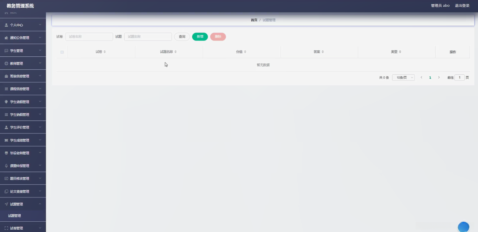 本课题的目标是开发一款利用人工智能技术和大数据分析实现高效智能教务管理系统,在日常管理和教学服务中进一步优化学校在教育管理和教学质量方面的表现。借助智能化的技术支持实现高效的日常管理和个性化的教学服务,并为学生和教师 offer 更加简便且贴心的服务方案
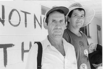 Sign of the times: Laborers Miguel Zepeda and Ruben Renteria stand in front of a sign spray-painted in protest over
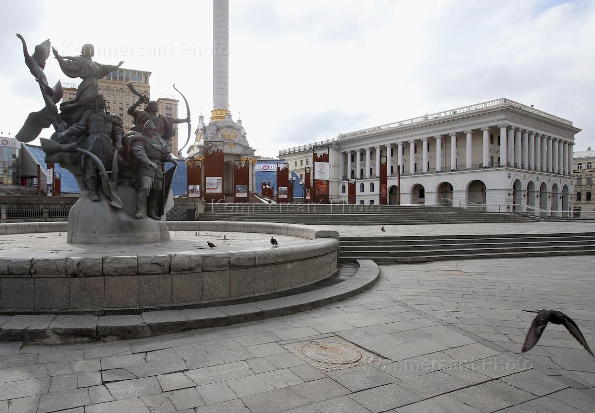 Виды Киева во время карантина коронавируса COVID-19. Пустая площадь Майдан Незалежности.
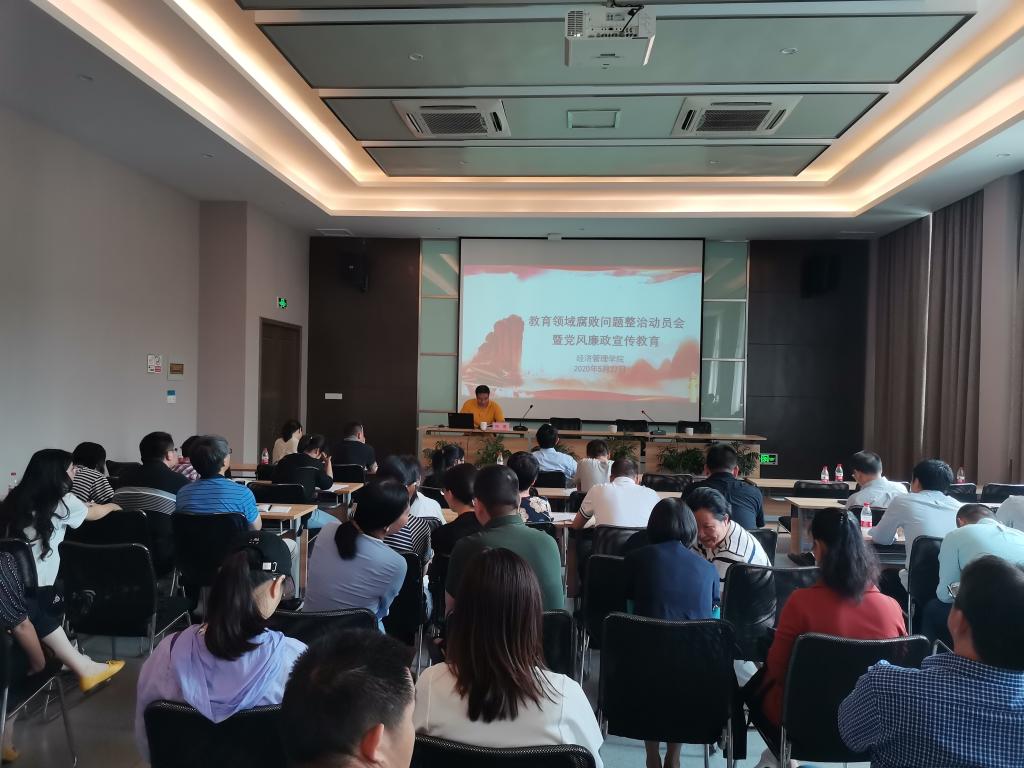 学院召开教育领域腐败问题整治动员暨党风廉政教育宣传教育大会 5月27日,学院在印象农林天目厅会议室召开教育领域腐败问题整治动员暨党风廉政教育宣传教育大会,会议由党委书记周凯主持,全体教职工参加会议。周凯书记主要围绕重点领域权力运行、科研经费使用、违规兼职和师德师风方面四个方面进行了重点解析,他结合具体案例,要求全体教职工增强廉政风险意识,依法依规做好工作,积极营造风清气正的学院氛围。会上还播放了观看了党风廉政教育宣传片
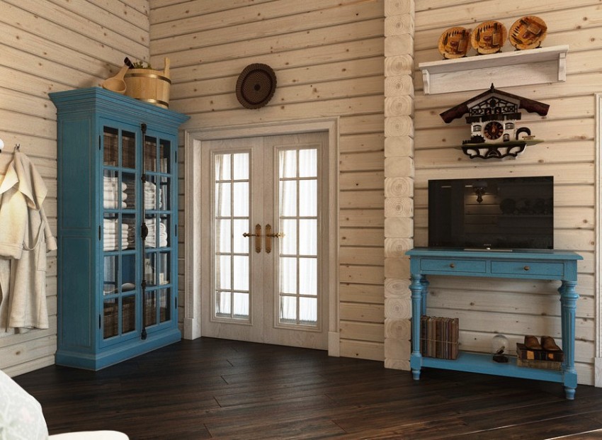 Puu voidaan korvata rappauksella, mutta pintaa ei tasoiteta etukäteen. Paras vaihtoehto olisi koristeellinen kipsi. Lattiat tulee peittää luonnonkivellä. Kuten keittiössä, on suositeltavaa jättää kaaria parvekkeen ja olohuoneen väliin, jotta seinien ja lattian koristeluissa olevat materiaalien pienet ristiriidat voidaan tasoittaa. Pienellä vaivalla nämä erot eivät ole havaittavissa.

┄┄┄┄┄┄┄┄┄┄

_WORK ORDER:_
The lines from the start of the data through the line that contains "Sign of the" are to be returned exactly, please, with both ends included and every picture left out.

_TASK RESULT:_
 本课题的目标是开发一款利用人工智能技术和大数据分析实现高效智能教务管理系统,在日常管理和教学服务中进一步优化学校在教育管理和教学质量方面的表现。借助智能化的技术支持实现高效的日常管理和个性化的教学服务,并为学生和教师 offer 更加简便且贴心的服务方案
 Sign of the times: Laborers Miguel Zepeda and Ruben Renteria stand in front of a sign spray-painted in protest over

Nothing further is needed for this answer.